[Stored dataset items]
——

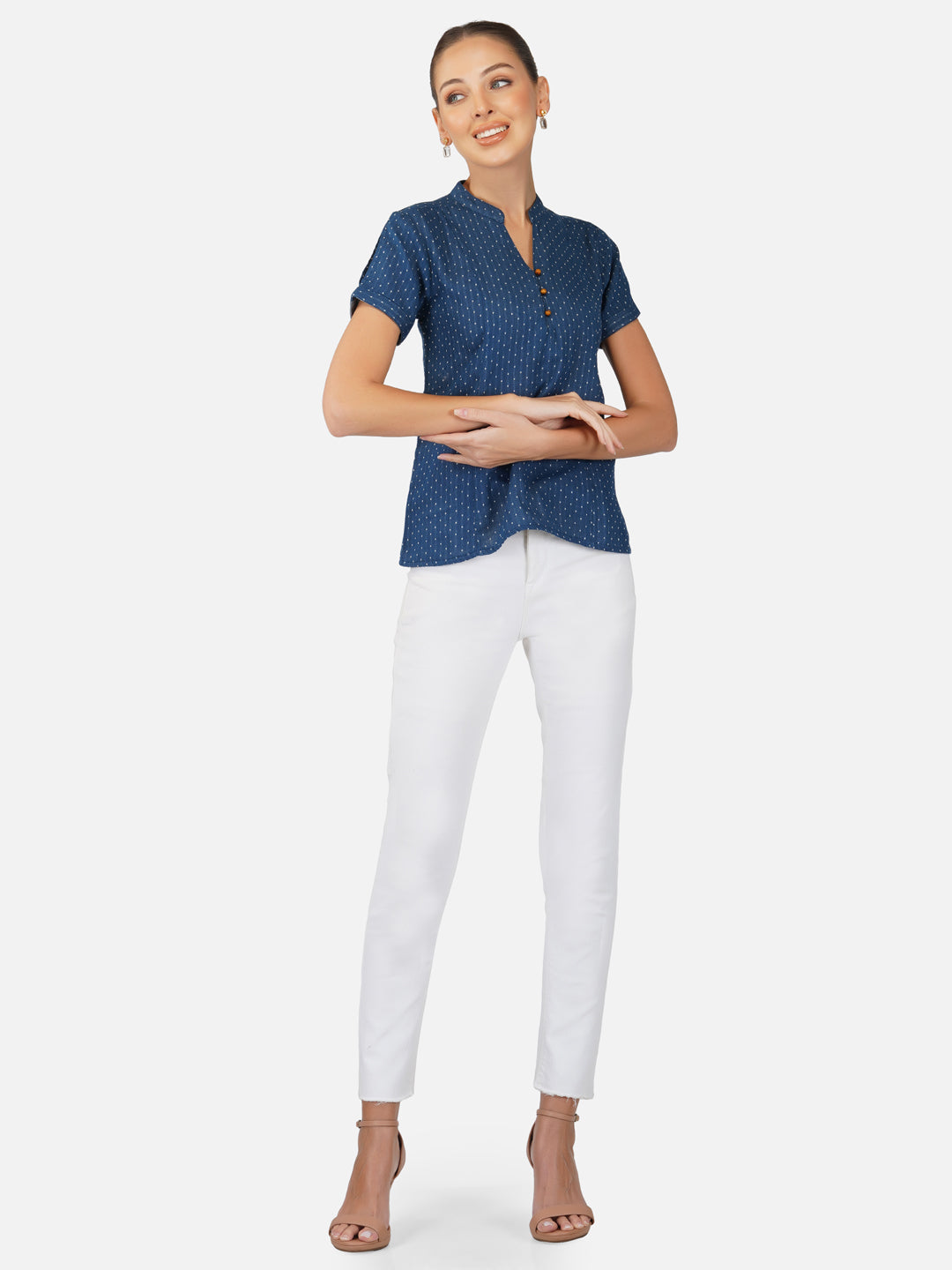 Porsorte Womens Cotton Gauze Blue Dot Print Pan Collared Shirt Top
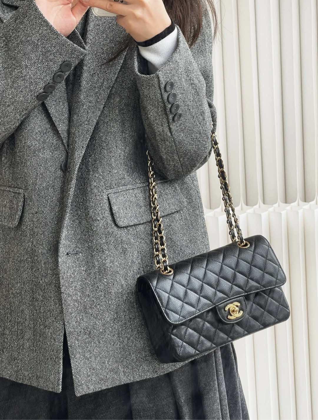 女人的梦中情包,小香CF,尤其是这款鱼子酱系列 一眼爱了,可盐可甜、越看越喜欢。拎着的时候感觉可以给自己加一个优雅buff, 更适合白领一组~
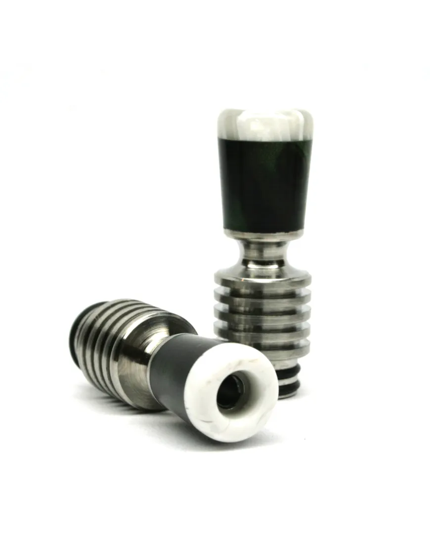 Компактний та зручний дрип-тип (мундштук) для атомайзерів до електронних сигарет з 510-м з'єднанням з комбінованими вставками з матеріалу акрилу та основою з титану. Має привабливе, різнокольорове та унікальне для кожної одиниці оформлення. Завдяки двом орінгам, щільно сидить у кліромайзері. Підходить до більшості сучасних моделей атомайзерів.
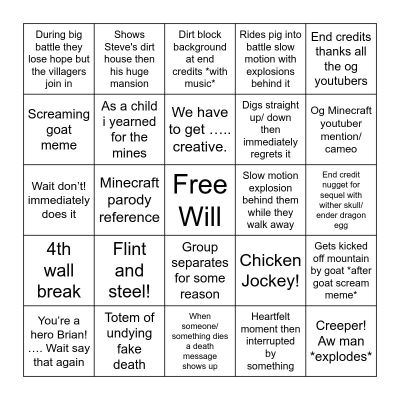 This bingo card has a free space and 24 words: Flint and steel!, Totem of undying fake death, We have to get ….. creative., You’re a hero Brian! …. Wait say that again, End credits thanks all the og youtubers, During big battle they lose hope but the villagers join in, Screaming goat meme, Shows Steve's dirt house then his huge mansion, Slow motion explosion behind them while they walk away, Group separates for some reason, Digs straight up/ down then immediately regrets it, Wait don’t! immediately does it, Chicken Jockey!, Gets kicked off mountain by goat *after goat scream meme*, As a child i yearned for the mines, Heartfelt moment then interrupted by something, End credit nugget for sequel with wither skull/ ender dragon egg, Dirt block background at end credits *with music*, Og Minecraft youtuber mention/ cameo, Minecraft parody reference, Creeper! Aw man *explodes*, 4th wall break, Rides pig into battle slow motion with explosions behind it and When someone/ something dies a death message shows up.
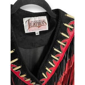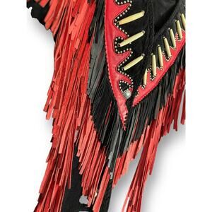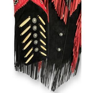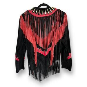 Vintage 90s Diamond Leathers Black Red Suede Fringe Western Jacket Bone Bead 12
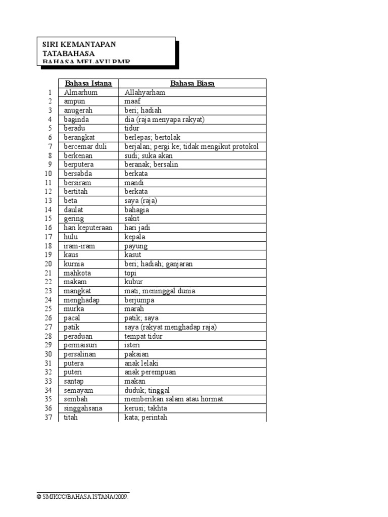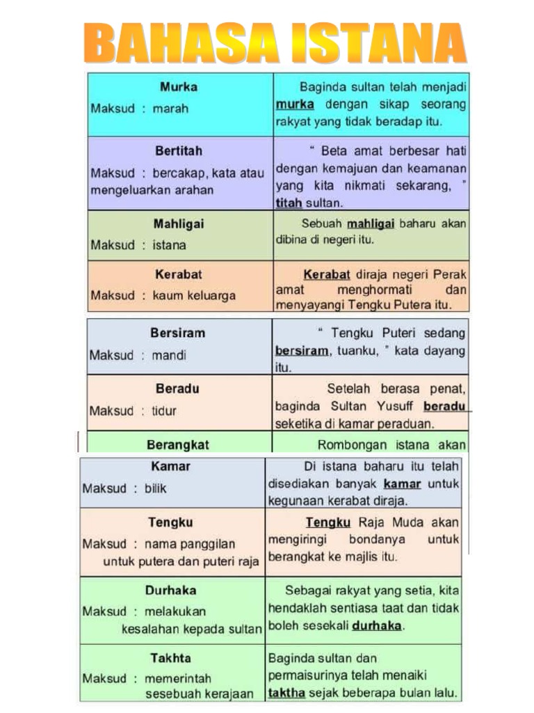 Senarai bahasa istana dan maksud docx. Folio tingkatan 2 geografi( jaringan sistem pengangkutan) Bahasa istana bil bahasa standard bahasa istana 1 kalau rakyat makandan minum raja santap 2 kalau rakyat tidur raja beradu 3 kalau rakyat mandi raja bersiram 4 kalau rakyat marah raja murka 5 kalau rakyat berjalan raja mencemarduli 6 kalau rakyat sakit raja gering 7 kalau rakyat bersuara raja bertitah 8 kalau rakyat tidur di rumah raja di istana 9 kalau rakyat dudukdi kerusi. For more information and source, see on this link : 'bahasa dalam' mempunyai beberapa ciri yang menggambarkan kehalusan dan kesantunan dalam bertutur, iaitu:
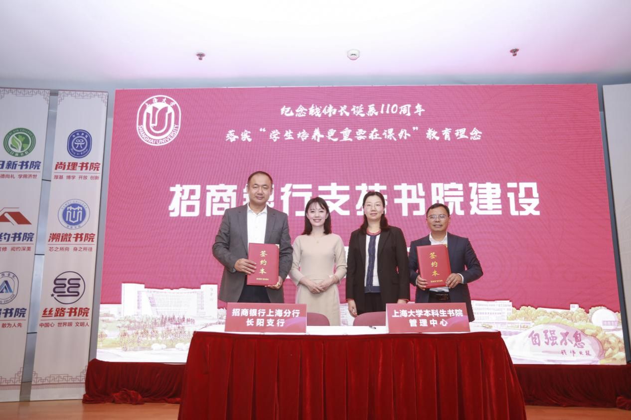 上海大学本科生书院建设得到了社会各界的热切关注,招商银行上海分行长阳支行与本科生书院管理中心签署共建协议。双方将在书院信息化、书院文化和美育教育等方面展开深度合作。招商银行上海分行长阳支行综合区域支行行长王鹏宇与学工办主任、武装部部长、本科生书院管理中心主任孟祥栋签约,招商银行上海分行零售银行部总经理励蒂与组织人事部常务副部长、组织处处长沈艺共同见证。
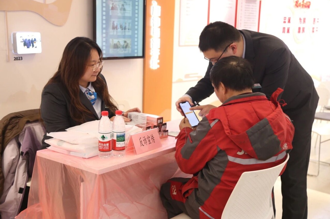 此外,活动还设置了公益咨询服务点,同心公益服务中心负责人朱杰为大家提供免费心理健康咨询,中国农业银行上海江宁支行工作人员耐心讲解金融反诈知识,从身心与财产安全等多维度,为劳动者们送上贴心的新年关怀。
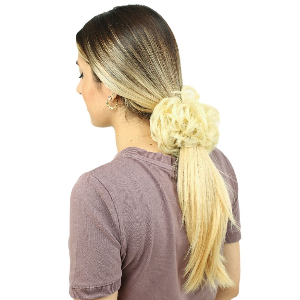Yoğun Saçlı Lastikli Topuz Toka - Platin
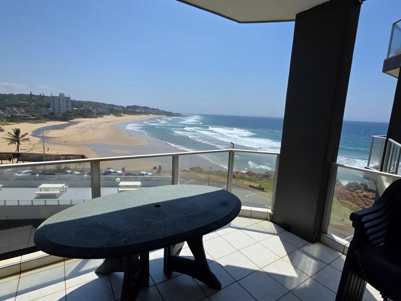 Coastal living on Margate's South Coast — wake to ocean breezes from a furnished apartment with balcony and built-in braai, pool and sea views; two bedrooms, two baths, secure parking.
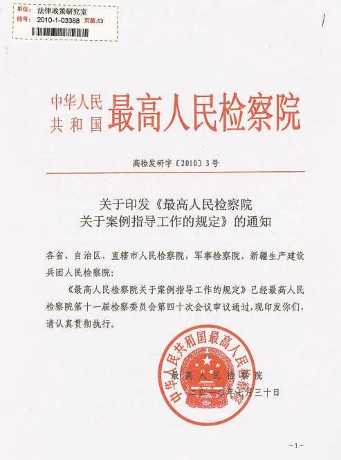 2010年7月,最高人民检察院印发关于案例指导工作的规定,建立案例指导制度,通过选编、发布检察机关办理的在认定事实、证据采信、适用法律和规范裁量权等方面具有普遍指导意义的案例,为全国检察机关依法办理案件提供指导和参考,规范检察官司法办案行为,促进正确行使自由裁量权,确保法律统一正确实施。同年12月31日,最高人民检察院发布第一批指导性案例,分别是施某等17人聚众斗殴不诉案、忻元龙绑架抗诉案和林志斌徇私舞弊暂予监外执行自侦案等三个案例。建立指导性案例制度,既加强了检察办案指导,又引领社会法治意识,通过法律监督促进诉源治理。

——

• WORK INSTRUCTION
All of the records above should be reproduced exactly, with the pictures left out.

• ANSWER SPACE
 Porsorte Womens Cotton Gauze Blue Dot Print Pan Collared Shirt Top
 女人的梦中情包,小香CF,尤其是这款鱼子酱系列 一眼爱了,可盐可甜、越看越喜欢。拎着的时候感觉可以给自己加一个优雅buff, 更适合白领一组~
 Компактний та зручний дрип-тип (мундштук) для атомайзерів до електронних сигарет з 510-м з'єднанням з комбінованими вставками з матеріалу акрилу та основою з титану. Має привабливе, різнокольорове та унікальне для кожної одиниці оформлення. Завдяки двом орінгам, щільно сидить у кліромайзері. Підходить до більшості сучасних моделей атомайзерів.
 This bingo card has a free space and 24 words: Flint and steel!, Totem of undying fake death, We have to get ….. creative., You’re a hero Brian! …. Wait say that again, End credits thanks all the og youtubers, During big battle they lose hope but the villagers join in, Screaming goat meme, Shows Steve's dirt house then his huge mansion, Slow motion explosion behind them while they walk away, Group separates for some reason, Digs straight up/ down then immediately regrets it, Wait don’t! immediately does it, Chicken Jockey!, Gets kicked off mountain by goat *after goat scream meme*, As a child i yearned for the mines, Heartfelt moment then interrupted by something, End credit nugget for sequel with wither skull/ ender dragon egg, Dirt block background at end credits *with music*, Og Minecraft youtuber mention/ cameo, Minecraft parody reference, Creeper! Aw man *explodes*, 4th wall break, Rides pig into battle slow motion with explosions behind it and When someone/ something dies a death message shows up.
 Vintage 90s Diamond Leathers Black Red Suede Fringe Western Jacket Bone Bead 12
 Senarai bahasa istana dan maksud docx. Folio tingkatan 2 geografi( jaringan sistem pengangkutan) Bahasa istana bil bahasa standard bahasa istana 1 kalau rakyat makandan minum raja santap 2 kalau rakyat tidur raja beradu 3 kalau rakyat mandi raja bersiram 4 kalau rakyat marah raja murka 5 kalau rakyat berjalan raja mencemarduli 6 kalau rakyat sakit raja gering 7 kalau rakyat bersuara raja bertitah 8 kalau rakyat tidur di rumah raja di istana 9 kalau rakyat dudukdi kerusi. For more information and source, see on this link : 'bahasa dalam' mempunyai beberapa ciri yang menggambarkan kehalusan dan kesantunan dalam bertutur, iaitu:
 上海大学本科生书院建设得到了社会各界的热切关注,招商银行上海分行长阳支行与本科生书院管理中心签署共建协议。双方将在书院信息化、书院文化和美育教育等方面展开深度合作。招商银行上海分行长阳支行综合区域支行行长王鹏宇与学工办主任、武装部部长、本科生书院管理中心主任孟祥栋签约,招商银行上海分行零售银行部总经理励蒂与组织人事部常务副部长、组织处处长沈艺共同见证。
 此外,活动还设置了公益咨询服务点,同心公益服务中心负责人朱杰为大家提供免费心理健康咨询,中国农业银行上海江宁支行工作人员耐心讲解金融反诈知识,从身心与财产安全等多维度,为劳动者们送上贴心的新年关怀。
Yoğun Saçlı Lastikli Topuz Toka - Platin
 Coastal living on Margate's South Coast — wake to ocean breezes from a furnished apartment with balcony and built-in braai, pool and sea views; two bedrooms, two baths, secure parking.
 2010年7月,最高人民检察院印发关于案例指导工作的规定,建立案例指导制度,通过选编、发布检察机关办理的在认定事实、证据采信、适用法律和规范裁量权等方面具有普遍指导意义的案例,为全国检察机关依法办理案件提供指导和参考,规范检察官司法办案行为,促进正确行使自由裁量权,确保法律统一正确实施。同年12月31日,最高人民检察院发布第一批指导性案例,分别是施某等17人聚众斗殴不诉案、忻元龙绑架抗诉案和林志斌徇私舞弊暂予监外执行自侦案等三个案例。建立指导性案例制度,既加强了检察办案指导,又引领社会法治意识,通过法律监督促进诉源治理。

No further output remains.